**DESCRIPTION OF THE TASK**
Each line from the one holding "اختتامیه طرح مشارکت" to the last line below must be restated word for word, and no picture may be included.

**EXERCISE MATERIALS**
====

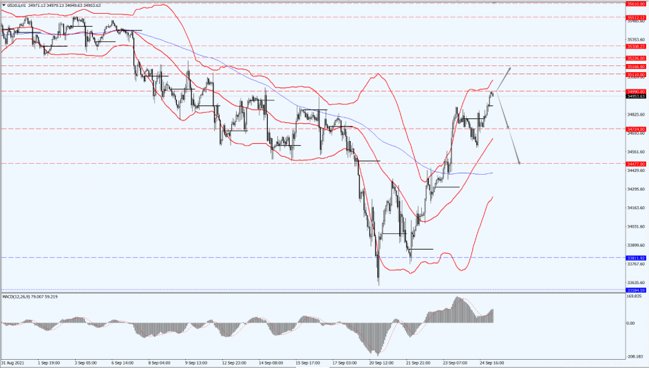 The Dow today pays attention to the 34990 line. Once the pressure is down, focus on the support strength of the 34724 and 34477 positions. Once it breaks above the 34990 line, it will test the suppression of the 35166 line again.
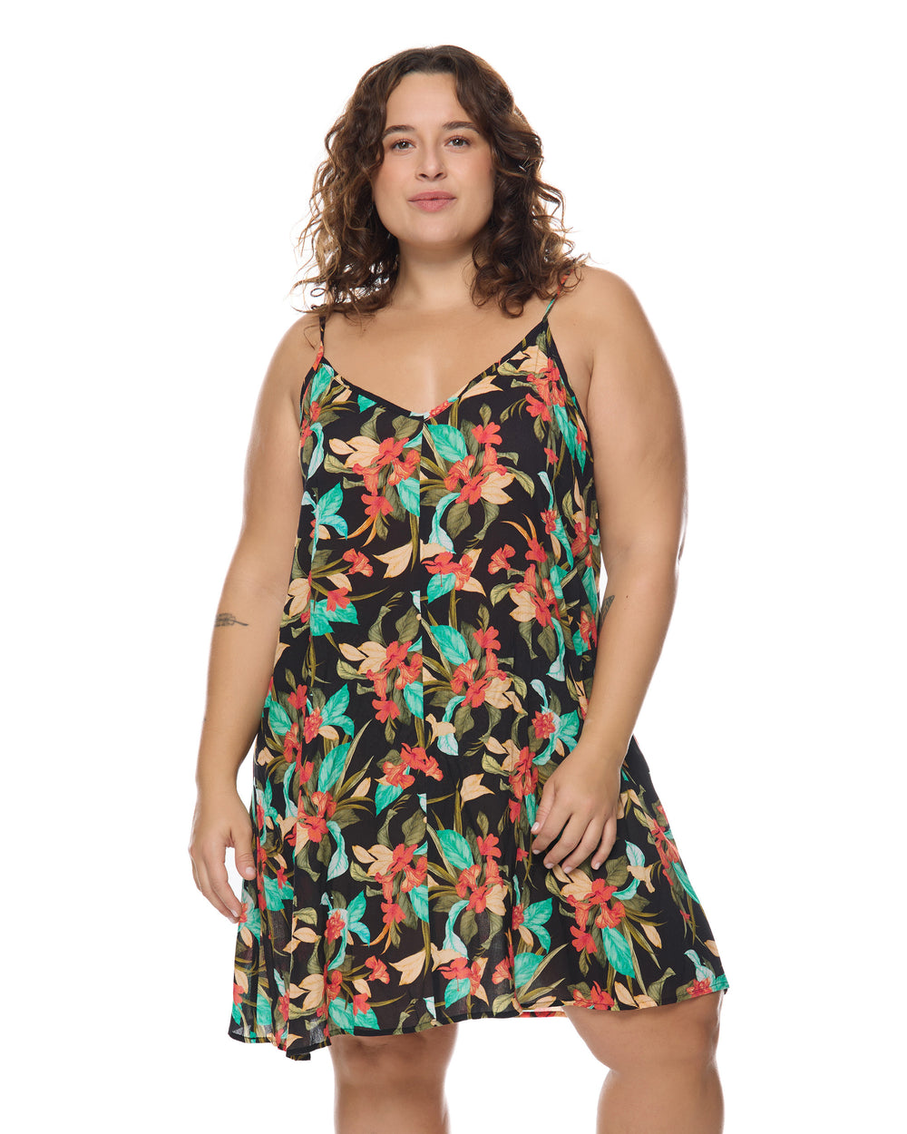 Nicole Dress Plus Size - Black/Hamoa Prt
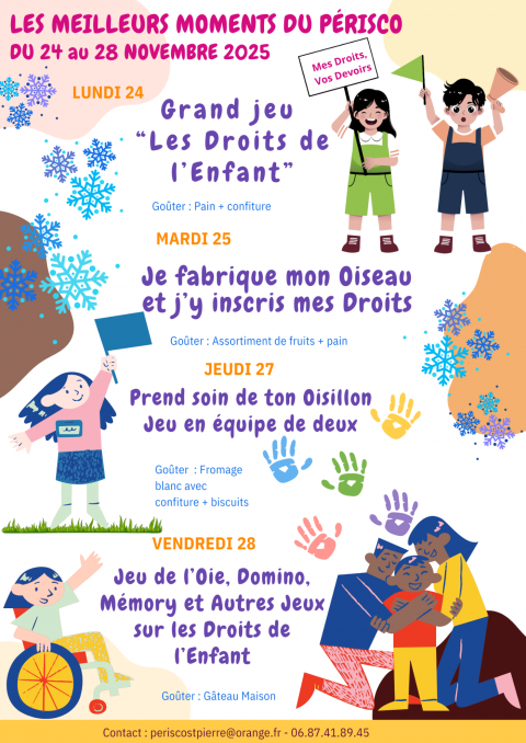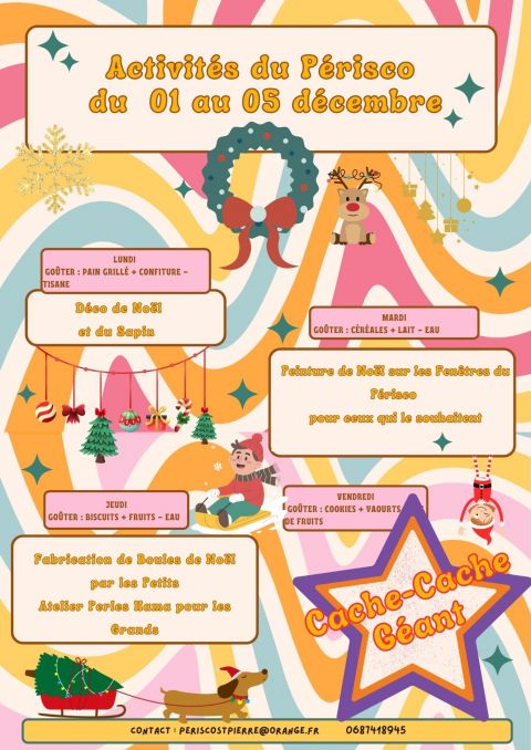 Si vous souhaitez signaler l'absence de votre enfant (rendez-vous, enfant malade…) le jour-même, merci de la signaler sur le Portail Famille et d’envoyer un mail avant 18h30 à l’adresse suivante : periscostpierre@orange.fr ou par tel : 06-87-41-89-45
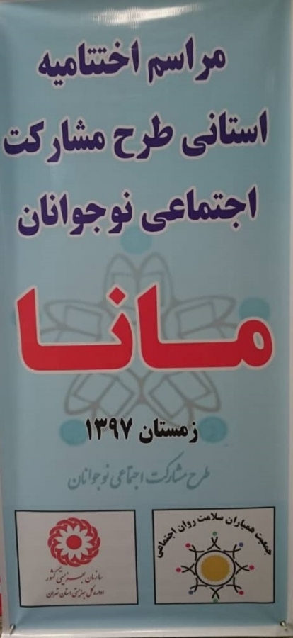 اختتامیه طرح مشارکت اجتماعی نوجوانان در پیشگیری از آسیب های اجتماعی (مانا)در مورخه 97/11/8 ساعت 9 الی 12 در محل سالن اجتماعات سازمان بهزیستی استان تهران با حضور مدیران پایگاه های سلامت روان اجتماعی مجری طرح، تسهیلگران و گروهی از نوجوانان شرکت کننده در طرح برگزار خواهدشد.
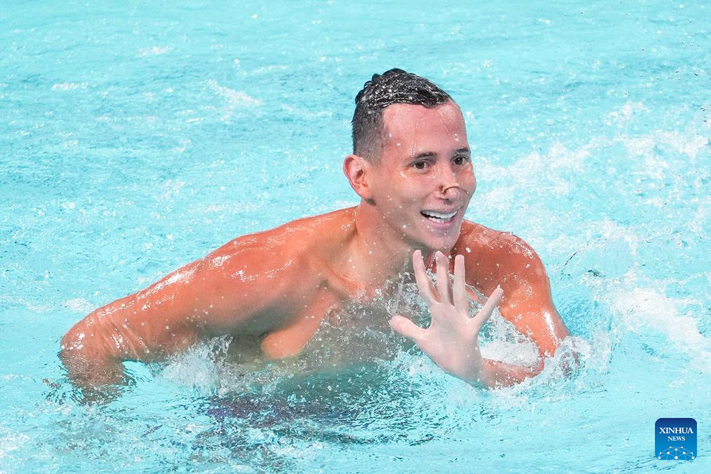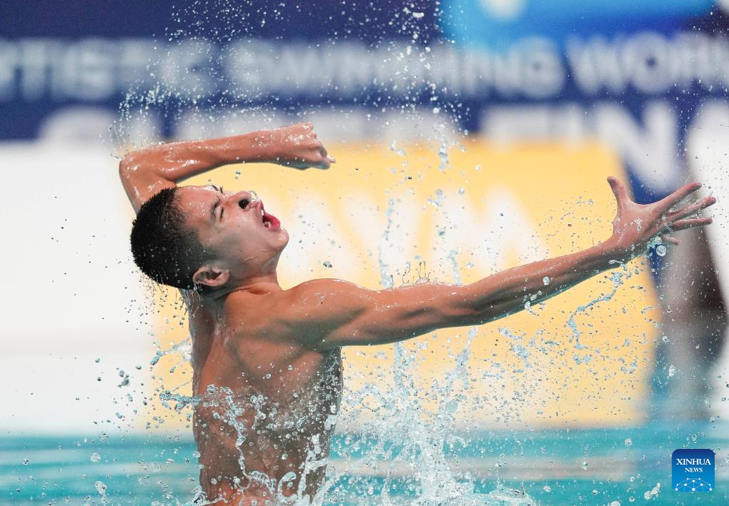 XI'AN, 14 junio, 2025 (Xinhua) -- Guo Muye, de China, compite durante la final de solo libre masculino en la Superfinal de la Copa del Mundo de Natación Artística 2025 de World Aquatics, en Xi'an, en la provincia de Shaanxi, en el noroeste de China, el 14 de junio de 2025. (Xinhua/Li Yibo)
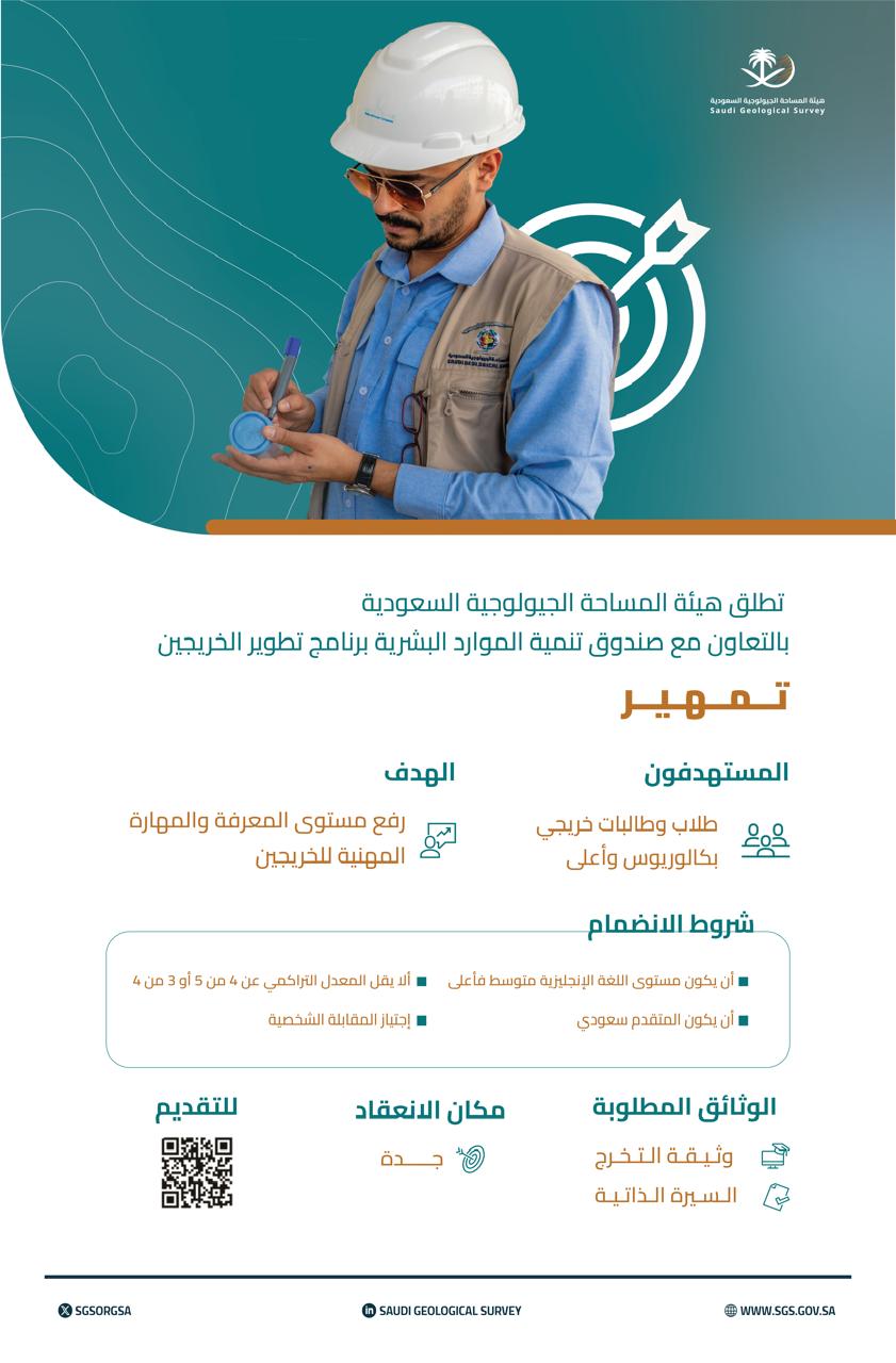 أعلنت هيئة المساحة الجيولوجية السعودية عن إطلاق برنامج تطوير الخريجين (تمهير) بالتعاون مع صندوق تنمية الموارد البشرية (هدف)، وذلك وفقًا للتفاصيل الموضحة أدناه.

====

**PROBLEM SOLUTION**
 اختتامیه طرح مشارکت اجتماعی نوجوانان در پیشگیری از آسیب های اجتماعی (مانا)در مورخه 97/11/8 ساعت 9 الی 12 در محل سالن اجتماعات سازمان بهزیستی استان تهران با حضور مدیران پایگاه های سلامت روان اجتماعی مجری طرح، تسهیلگران و گروهی از نوجوانان شرکت کننده در طرح برگزار خواهدشد.
 XI'AN, 14 junio, 2025 (Xinhua) -- Guo Muye, de China, compite durante la final de solo libre masculino en la Superfinal de la Copa del Mundo de Natación Artística 2025 de World Aquatics, en Xi'an, en la provincia de Shaanxi, en el noroeste de China, el 14 de junio de 2025. (Xinhua/Li Yibo)
 أعلنت هيئة المساحة الجيولوجية السعودية عن إطلاق برنامج تطوير الخريجين (تمهير) بالتعاون مع صندوق تنمية الموارد البشرية (هدف)، وذلك وفقًا للتفاصيل الموضحة أدناه.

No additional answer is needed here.